Eating onions can sterilize and cure colds and nasal congestion. Onions can be placed next to the pillows to improve insomnia.

  The dishes include “onion and mutton”, which can nourish the vitality, relax the blood and activate the blood, and has a good dietary health effect for those with weak constitution and blood stasis.

  The latest insights are that onions have little residue, but contain prostaglandin A, physiologically active substances diallyl disulfide, and sulfur amino acids.

Among them, prostaglandin A is a vasodilator of plasma, which can activate the active component of hemolytic fibrin, can reduce the blockage of human blood vessels and the coronary arteries of the heart, fight against pressure-increasing substances such as catecholamines in the body, and can promote blood pressure and other substances such as sodium salts.Excretion, which has the effect of lowering blood pressure and preventing thrombosis.

Diallyl disulfide and sulfur amino acids have the function of preventing vascular sclerosis and reducing blood lipids.

Patients with hyperlipidemia often eat onions, and the levels of plasma, triglycerides and lipoproteins in the body will significantly decrease.

Experts believe that regular consumption of onions can stabilize blood pressure for a long time, improve embrittlement of blood vessels, and have a good protective effect on human arterial blood vessels.

Onions also contain flavonoids, which are similar to the hypoglycemic drug mesosulfonylurea buta urea, which can generate plasma glucan in the body, have a metabolic diuretic effect, and prevent diabetes and renal edema.

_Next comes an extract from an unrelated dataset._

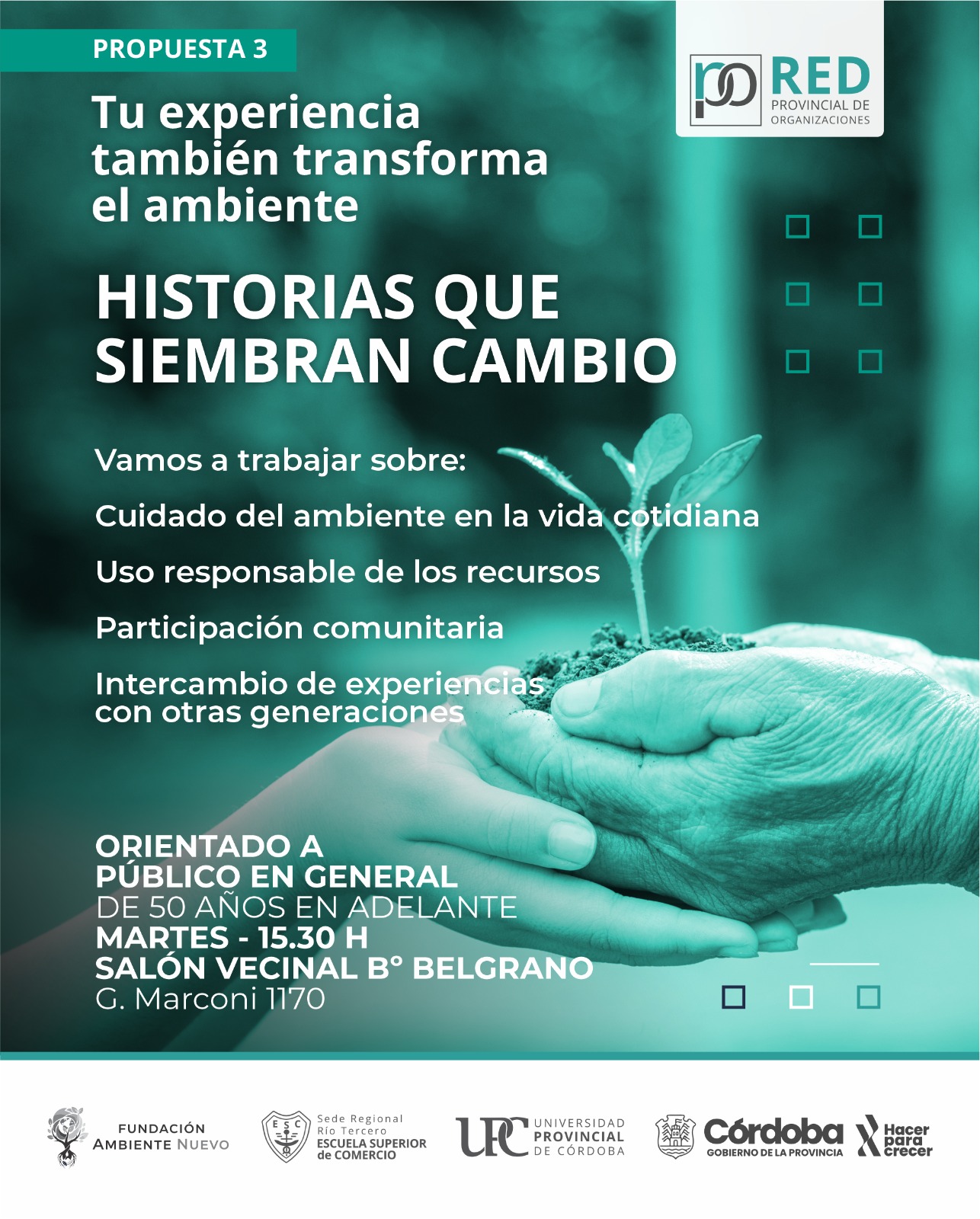 - Historias que Siembran Cambio: Un taller pensado exclusivamente para los adultos mayores. Esta actividad se desarrollará los martes a las 15:30 hs. en el Salón de Barrio Belgrano.

People with diabetes eat 25?
30 grams of onion can improve blood sugar and diuretic effect.

  Modern medical research shows that onions contain the trace element selenium.

Selenium is an antioxidant, it can promote the body to produce a large amount of glutathione, can remove free radicals in the body, and reduce the incidence of cancer.

Eating more onions in your diet can reduce your risk of prostate cancer.

  Cooking method, when cutting onions, the spicy taste is difficult to stimulate the tears, how to prevent it?

In a clever way, first put the onions in a thinner fresh-keeping plastic bag, and then put them in the freezer. When the onions are cold and not frozen, remove the onions, and the onions treated in this way will be less dazzling when cut.。
The onion’s irritating effect to the eyes is due to the sulfur oxides of propionaldehyde in the onion, which will generate a volatile acid when dissolved in water. When this acid evaporates, it will have a strong irritating reaction to the eyes.

Then, if its temperature is lowered, the conversion evaporates slowly, and the stimulating effect is attenuated.